Given data:

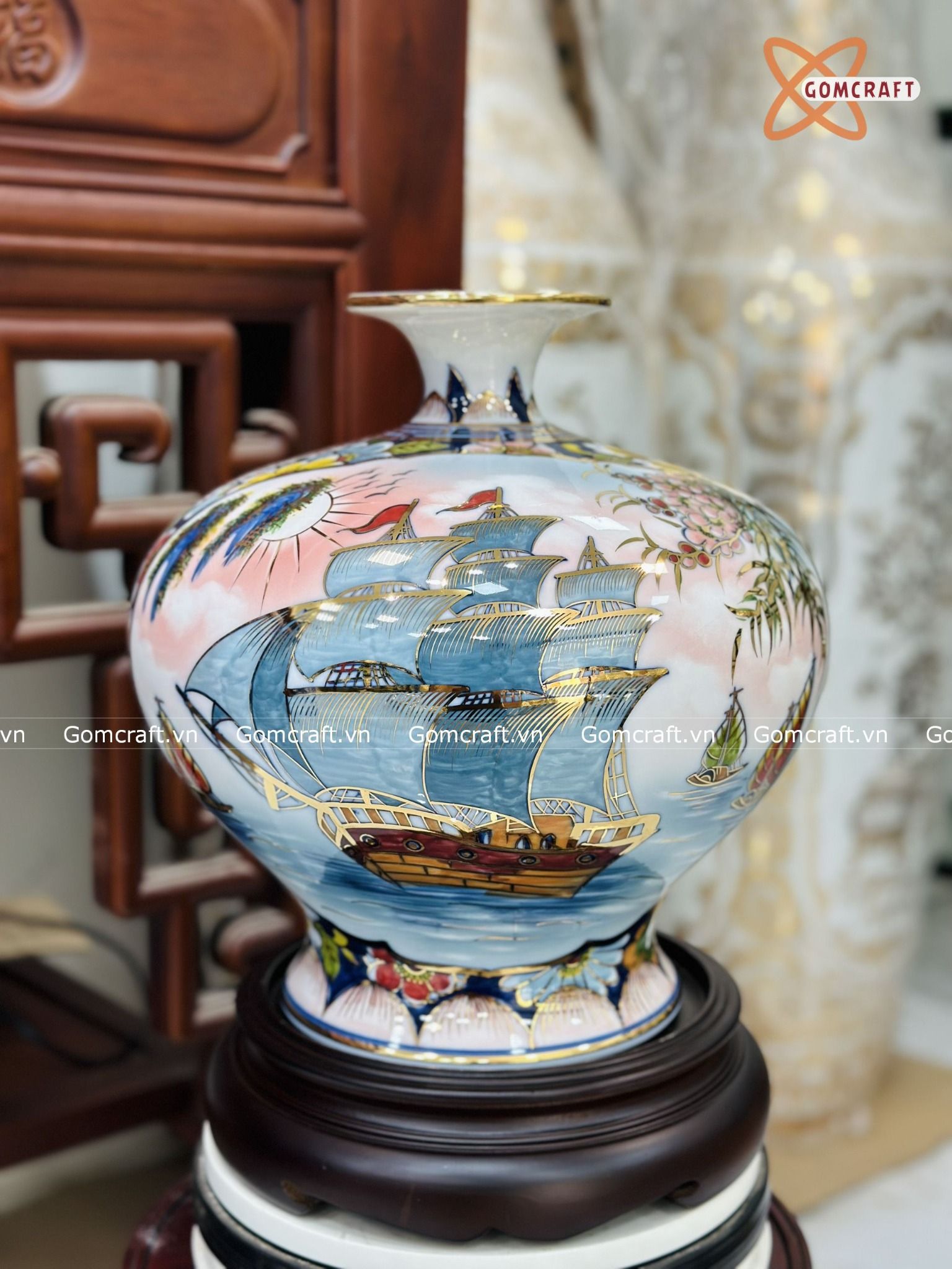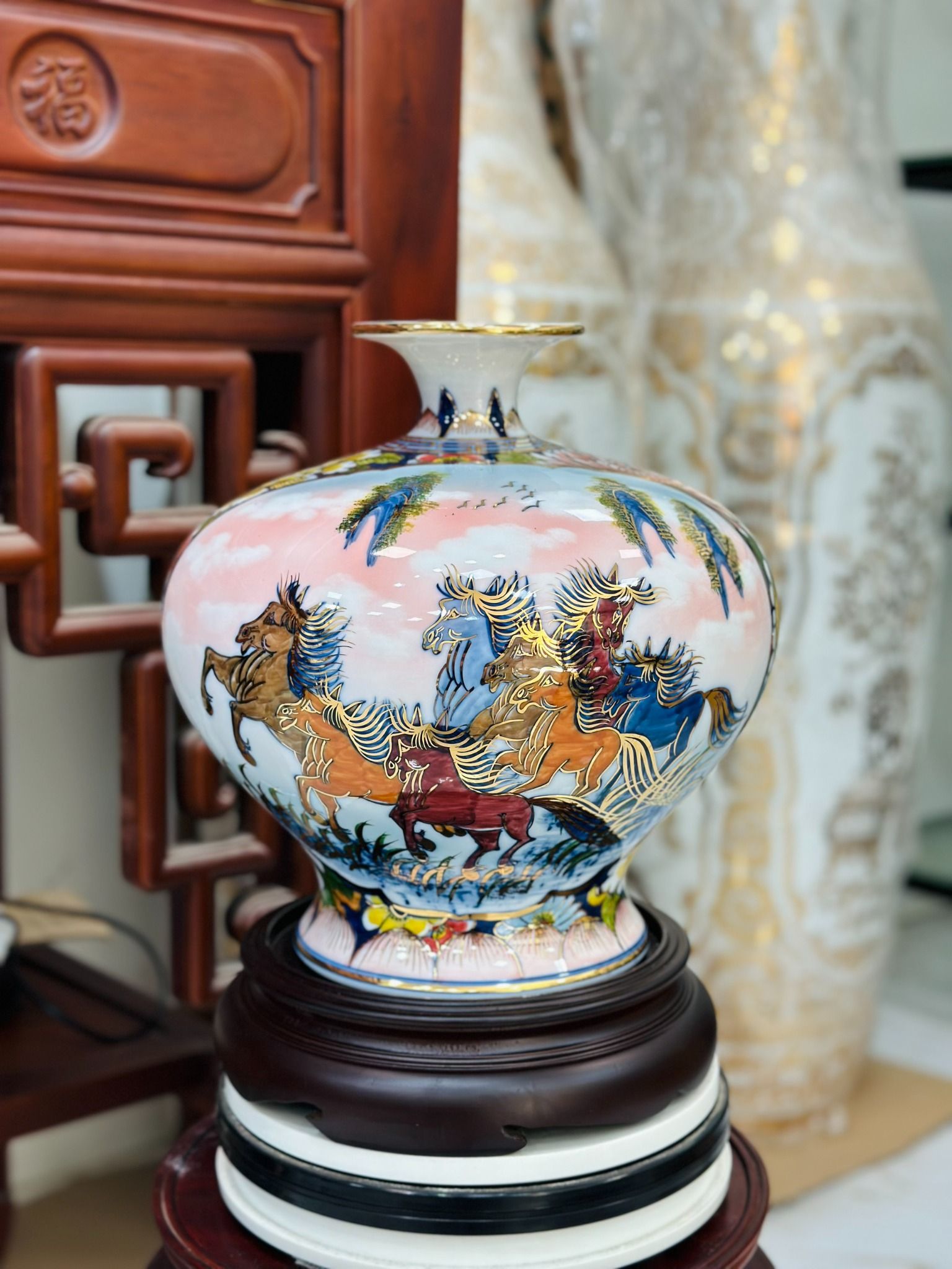 Quà Tặng Khai Trương bình hút lộc Bát Tràng | Bình Hút Lộc men màu vân mây vẽ vàng Thuận Buồm Xuôi Gió Mã Đáo Thành Công Tài Lộc cao 30cm phình 32cm
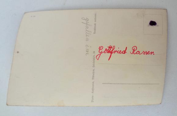 Third Reich Postcard Knights Cross Recipient “Kapitänleutnant Endrass” Knights Cross and Oakleaf. Nice postcard in very good condition.
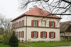 - Kirchplatz 4: Ehemaliges Schulhaus, zweigeschossiger, verputzter Walmdachbau, 1837; Ummauerung
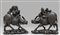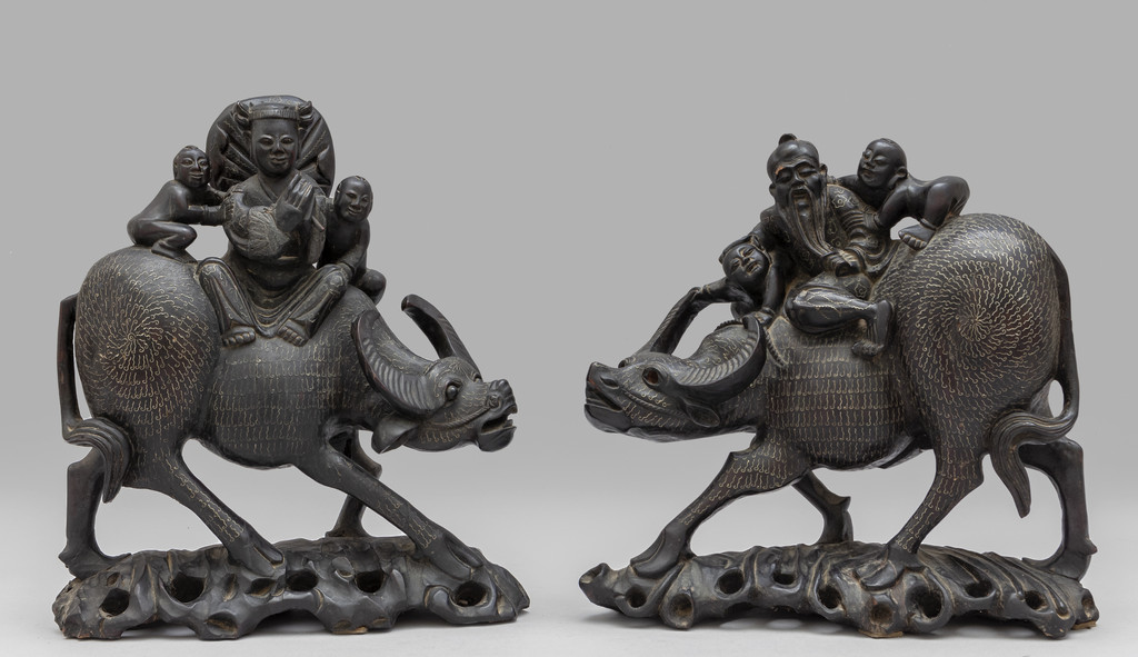 Bisonti con figure coppia di sculture in legno duro con ricca applicazione in metallo Cina inizi sec.XIX

Task requirements:
Output the data exactly, pictures omitted.

Expected answer:
 Quà Tặng Khai Trương bình hút lộc Bát Tràng | Bình Hút Lộc men màu vân mây vẽ vàng Thuận Buồm Xuôi Gió Mã Đáo Thành Công Tài Lộc cao 30cm phình 32cm
 Third Reich Postcard Knights Cross Recipient “Kapitänleutnant Endrass” Knights Cross and Oakleaf. Nice postcard in very good condition.
 - Kirchplatz 4: Ehemaliges Schulhaus, zweigeschossiger, verputzter Walmdachbau, 1837; Ummauerung
 Bisonti con figure coppia di sculture in legno duro con ricca applicazione in metallo Cina inizi sec.XIX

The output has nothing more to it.